What the exercise asks: Only the lines below from the one containing "- Le 24 février" through the one containing "WAANDERS, Bernard, geboren" belong in the answer, set down exactly, with the pictures left out.

Input for this task:
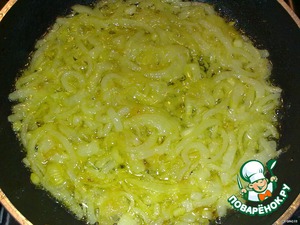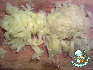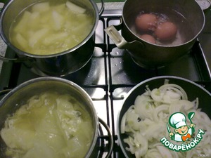 Картофель почистить и сварить в подсоленной воде. Капусту разобрать на листья и сварить с добавлением соли. Яйца (3 шт) сварить. Лук почистить, порезать полукольцами и обжарить на растительном и сливочном (пополам) масле.
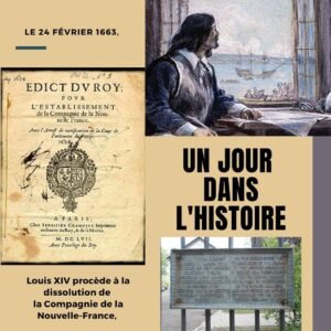 - Le 24 février 1663, Louis XIV procède à la dissolution de la Compagnie de la Nouvelle-France,
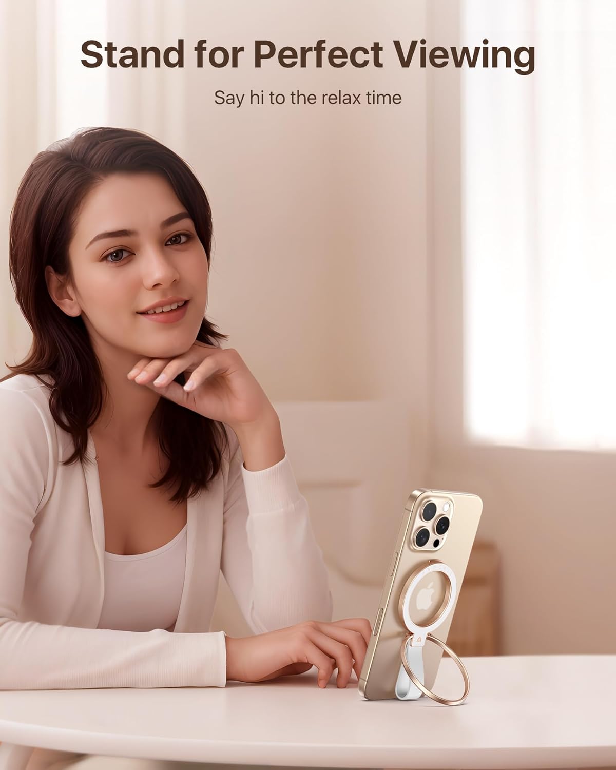 - Wide Compatibility·for All Phones: This MagSafe holder grip can directly snap onto iPhone 16, iPhone 16 Pro, iPhone 16 Pro Max, iPhone 16 Plus,iPhone 15, 15 Plus,15 Pro,15 Pro Max, iPhone 14, 14 Plus,14 Pro,14 Pro Max, 13, 13 Pro, 13 Pro Max, iPhone 12, or MagSafe magnetic protective cases, as well as Samsung Galaxy S10, S9, S8, S7, S6, Note 6, 5, LG, Sony, Nexus, Google Pixel, and other smartphones. (The package includes 2 metal rings, using the metal ring will enhance the magnet's strength)
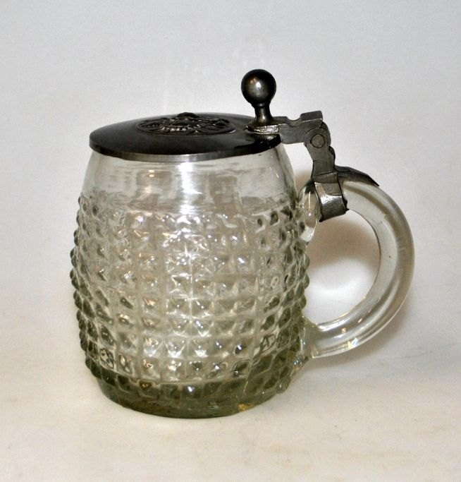 Tøndeformet drikke krus af fastblæst glas, 19. årh. Med tinlåg med gæk med dekorationer af roser og hank. H.: 10 cm.
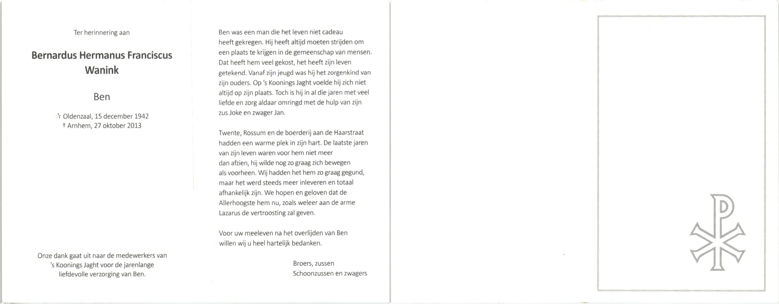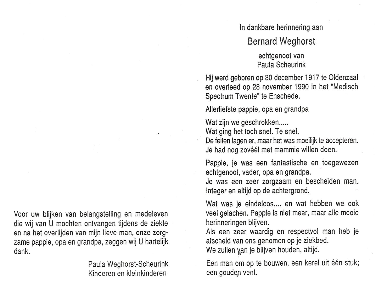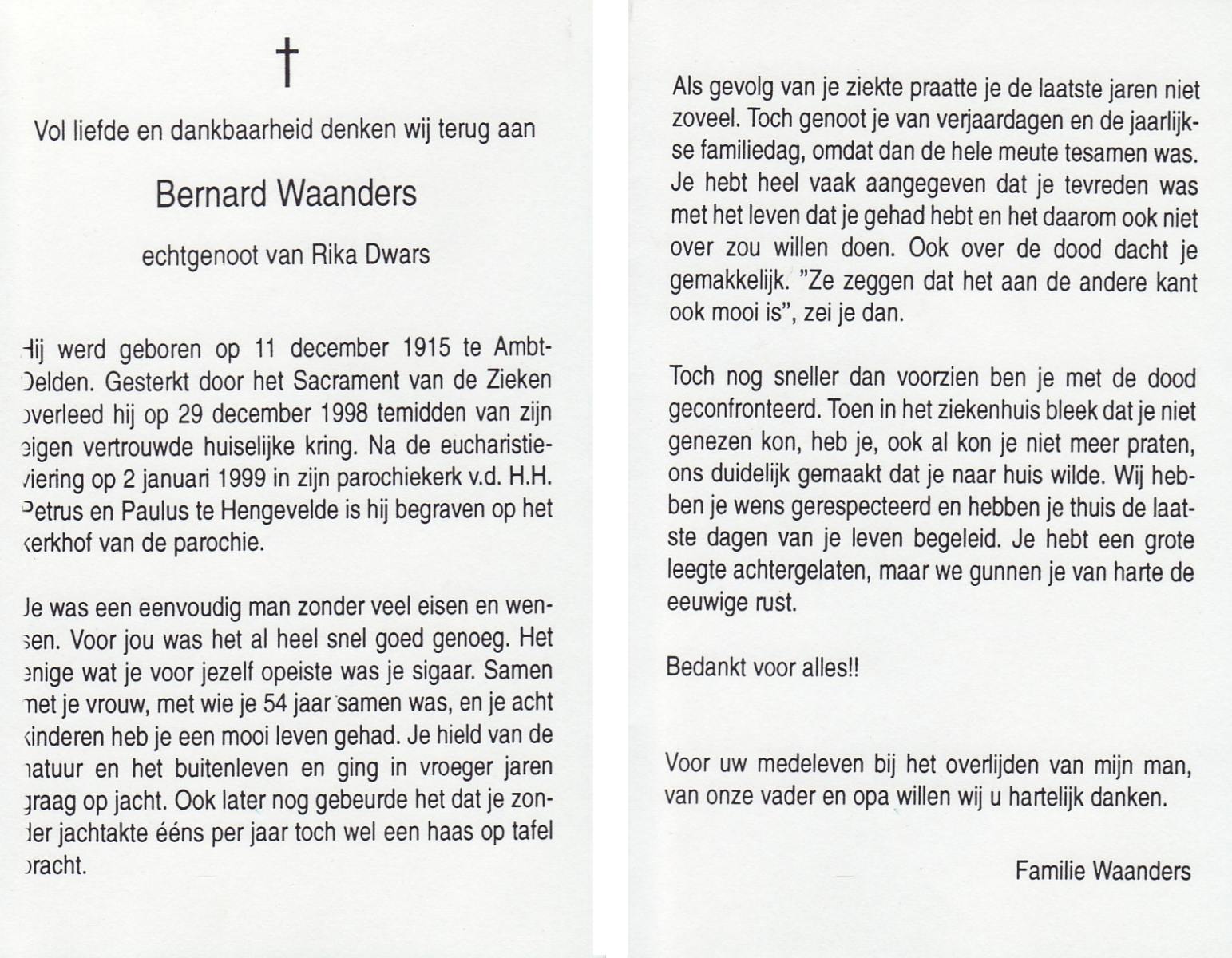 WAANDERS, Bernard, geboren op 11-12-1915 te Delden, Ambt, overleden op 29-12-1998 op 83-jarige leeftijd, begraven op 2-1-1999 te Hengevelde.
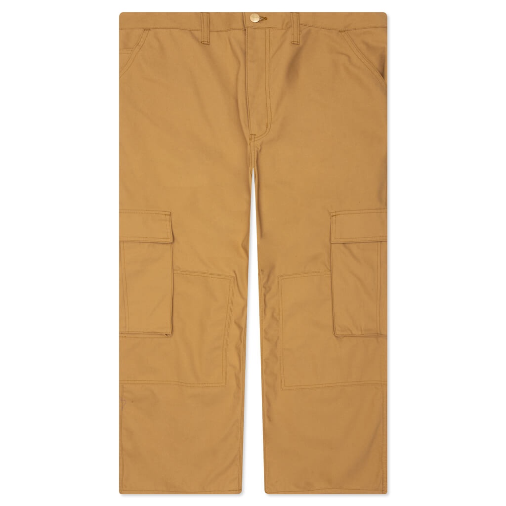 The Junya Watanabe MAN x Carhartt WIP cargo pants in brown are crafted from a durable polyester and cotton blend. Featuring belt loops, five-pocket styling, and a zip-fly for a practical touch, these pants also include knee panels, cargo pockets, and a hammer loop for added functionality. A logo patch on the back signifies the collaboration. Made in Japan, these pants blend utility with refined style. - 65% Polyester, 35% Cotton - Belt loops, five-pocket styling - Zip-fly, knee panels - Cargo and hammer loop - Logo patch - Made in Japan - Style No: WM-P019-051-2
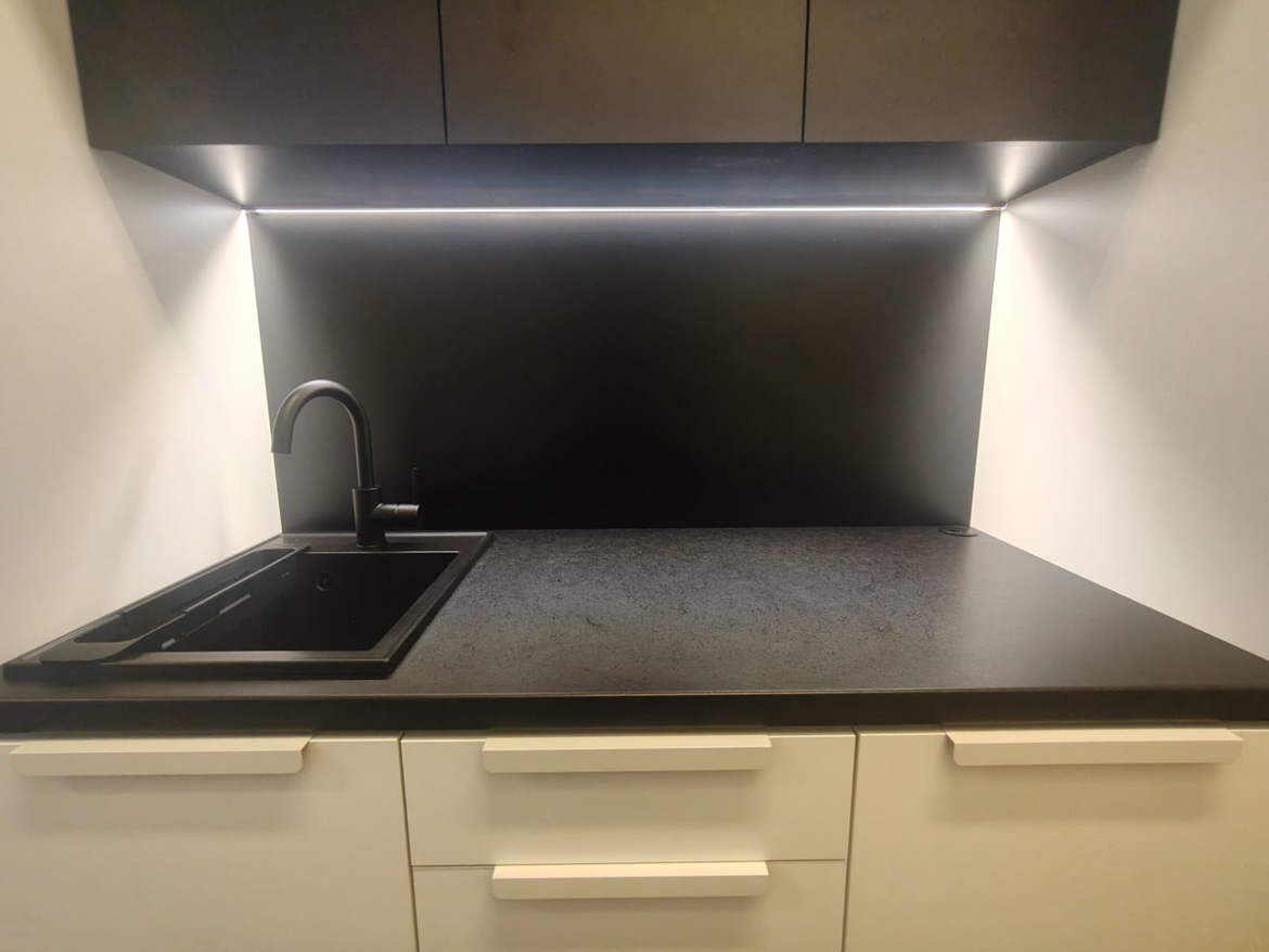 Der Anbau besteht aus unteren Schränken mit Stauraum, einer Arbeitsplatte mit Spüle und einem Oberschrank. Das Ganze ist in hellen Farben gehalten mit einer kontrastierenden dunklen Arbeitsplatte und Fronten im oberen Teil. Eine zusätzliche Beleuchtung unter den Schränken verbessert den Komfort des Arbeitsbereichs.
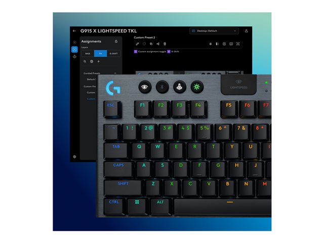 Logitech G915 X - Clavier - LIGHTSPEED - TKL - backlit - sans fil - 2.4 GHz, Bluetooth, USB - QWERTY - Anglais - commutateur : GL Linear - noir
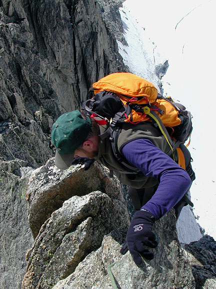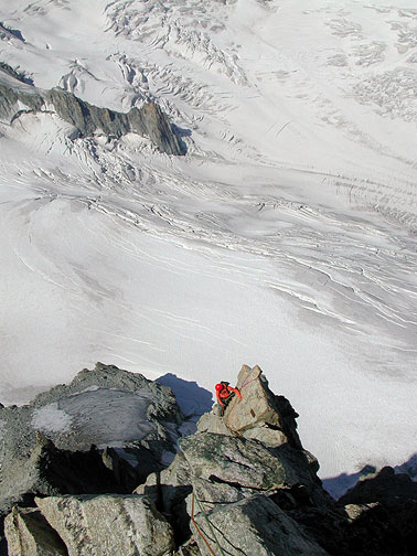 | After the Cosmiques, all three of them did the traverse of the Aiguille d'Entrèves. Here, Brett is climbing along the rocky ridge. |

Task answer:
 - Le 24 février 1663, Louis XIV procède à la dissolution de la Compagnie de la Nouvelle-France,
 - Wide Compatibility·for All Phones: This MagSafe holder grip can directly snap onto iPhone 16, iPhone 16 Pro, iPhone 16 Pro Max, iPhone 16 Plus,iPhone 15, 15 Plus,15 Pro,15 Pro Max, iPhone 14, 14 Plus,14 Pro,14 Pro Max, 13, 13 Pro, 13 Pro Max, iPhone 12, or MagSafe magnetic protective cases, as well as Samsung Galaxy S10, S9, S8, S7, S6, Note 6, 5, LG, Sony, Nexus, Google Pixel, and other smartphones. (The package includes 2 metal rings, using the metal ring will enhance the magnet's strength)
 Tøndeformet drikke krus af fastblæst glas, 19. årh. Med tinlåg med gæk med dekorationer af roser og hank. H.: 10 cm.
 WAANDERS, Bernard, geboren op 11-12-1915 te Delden, Ambt, overleden op 29-12-1998 op 83-jarige leeftijd, begraven op 2-1-1999 te Hengevelde.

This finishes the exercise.